David Llewellyn Lloyd (1910-1996) was an English pilot, deer-stalker, ballistician, and sporting rifle maker, of Northamptonshire, England, and Glencassley Estate in Sutherland, Scotland.

Although already an experienced pilot he was considered too old at 29, to be called up for service during the Battle of Britain in the Royal Air Force in the Second World War, instead he became the senior flight controller based at Tangmere, Sussex during the Battle of Britain.

Extensive deer stalking, and frequent rifle shooting visits to Bisley ranges, Lloyd established the David Lloyd & Co. riflemakers company (registered company 05202134) at Pipewell Hall in 1936, and in the early 1950s developed the .244 H&H Magnum rifle cartridge, later adopted by Holland & Holland of London.

Although Lloyd had no formal training as a riflemaker, he employed a team of craftsmen from the London & provincial trade to build the rifles in the workshops at Pipewell Hall.

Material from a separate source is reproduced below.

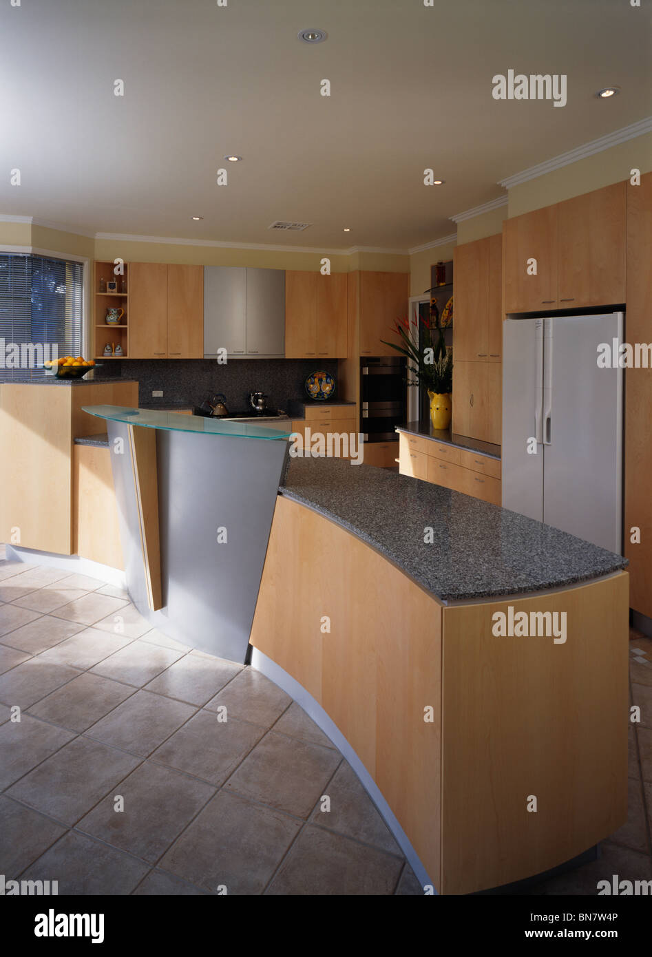 Granite Worktop On Curved Peninsular Unit In Modern Mauve Kitchen With Pale Wood Units Stock Photo Picture And Rights Managed Image Pic Foh U18864340 Agefotostock

Lloyd developed the distinctive Lloyd rifle concept, and from the 1960s to the mid-1990s he built magazine-fed sporting rifles based on commercial Mauser 98 & Sako actions with distinctively integral scope sights, capable of dependably high accuracy at long ranges, and of handling modern high-intensity, flat shooting cartridges such as the .244 H&H, the .264 Winchester Magnum and the .25-06 Remington. Lloyd noted that he attached a rifle to a scope, rather than the more normal saying of attaching a scope to a rifle.

Shooting Times voted the Lloyd rifle number 8 in its list of the top 12 Rifles of All Time, and Country Life magazine described Lloyd himself as “a National Living Treasure”. Lloyd rifles are owned by rifle makers Bill Ruger and Roy Weatherby and by several owners of Scottish deer forests.

In his deer-stalking career of over 60 years, Lloyd killed more than 5,000 Scottish highland red deer stags, the vast majority of them with rifles built by his company.

Lloyd's wife Evadne (“Bobby”, the longest-serving governor of the Royal Shakespeare Company in its history) keenly supported him in his business and helped him to source fine walnut blanks for his rifle stocks from various European sources. On Lloyd's death in 1996, she took on the business, which by then was doing little trade, and ran it until she died in 2003 when the company was sold to John Shirley, formerly Technical Manager with James Purdey and Sons of London. He subsequently offered the business name, goodwill, and records of the David Lloyd company for sale at auction in London in December 2006.